§ What you will do: Excluding every picture, print exactly the lines from the one containing "Pre nášho klienta" through the end of the material below, both ends included.

§ Recorded information:

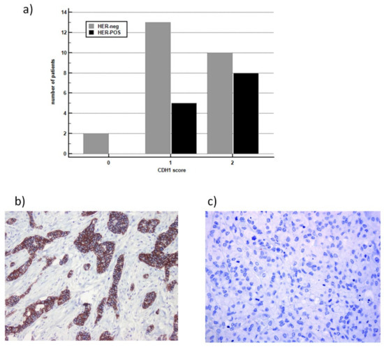 To better understand the role of CDH1/E-CAD expression in HER2-positive (HER-POS) mGC, we have used immunohistochemistry in formalin-fixed paraffin-embedded gastric tissues (n = 38). (a) In the HER-POS group, no patients showed missing E-CAD in the tumor cells (score 0), five patients showed a low E-CAD expression (score 1), and 8 patients showed a wide E-CAD expression (score 2); in the HER-neg, 2 patients had missed E-CAD, 13 patients had a low expression, and 10 patients showed a wide E-CAD expression in the tumor cells. HER2-POS compared to the HER-neg mGC patients showed a lower proportion of patients with a reduced expression of E-CAD (38.5% and 60.0%, respectively); however, due to the small sample size, the result did not reach statistical significance (Fisher’s exact test, p = 0.31). (b) Representative immunohistochemistry findings for E-CAD positive (b) and negative (c) in gastric tissue (40×).
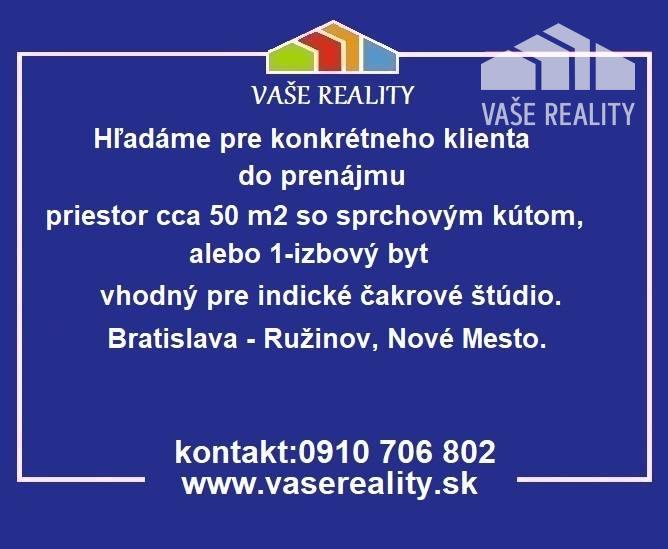 Pre nášho klienta hľadáme do prenájmu priestor s rozlohou približne 50-70 m² v lokalitách Bratislavy – Nové Mesto, Ružinov, ktorý by bol vhodný na indické čakrové štúdio.
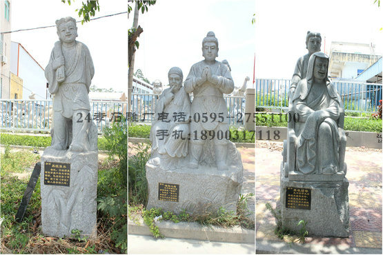 《二十四孝》的編者是元代福建延平府尤溪縣的郭居敬。他曾選輯虞舜以下二十四位孝子的感人故事,為每個故事配上一首詩,用來做兒童的啟蒙讀物,《二十四孝》的名稱便是由此而來?!抖男ⅰ饭适戮幎ǔ蓵?古人把孝道列為社會教化的一項重要內容,鼓勵人們“老吾老以及人之老,幼吾幼以及人之幼”,已經在我國流傳數百年,幾乎達到了家喻戶曉的程度,對國人的倫理道德產生了不可低估的影響。九龍星園林古建加工的二十四孝石雕像栩栩如生,將中國古代的孝賢及其事跡呈現出來,就是為了讓孝道文化這一傳統文化在新時代得以發揚光大,進一步弘揚和傳承中華民族尊老、敬老、愛

§ Result of the exercise:
 Pre nášho klienta hľadáme do prenájmu priestor s rozlohou približne 50-70 m² v lokalitách Bratislavy – Nové Mesto, Ružinov, ktorý by bol vhodný na indické čakrové štúdio.
 《二十四孝》的編者是元代福建延平府尤溪縣的郭居敬。他曾選輯虞舜以下二十四位孝子的感人故事,為每個故事配上一首詩,用來做兒童的啟蒙讀物,《二十四孝》的名稱便是由此而來?!抖男ⅰ饭适戮幎ǔ蓵?古人把孝道列為社會教化的一項重要內容,鼓勵人們“老吾老以及人之老,幼吾幼以及人之幼”,已經在我國流傳數百年,幾乎達到了家喻戶曉的程度,對國人的倫理道德產生了不可低估的影響。九龍星園林古建加工的二十四孝石雕像栩栩如生,將中國古代的孝賢及其事跡呈現出來,就是為了讓孝道文化這一傳統文化在新時代得以發揚光大,進一步弘揚和傳承中華民族尊老、敬老、愛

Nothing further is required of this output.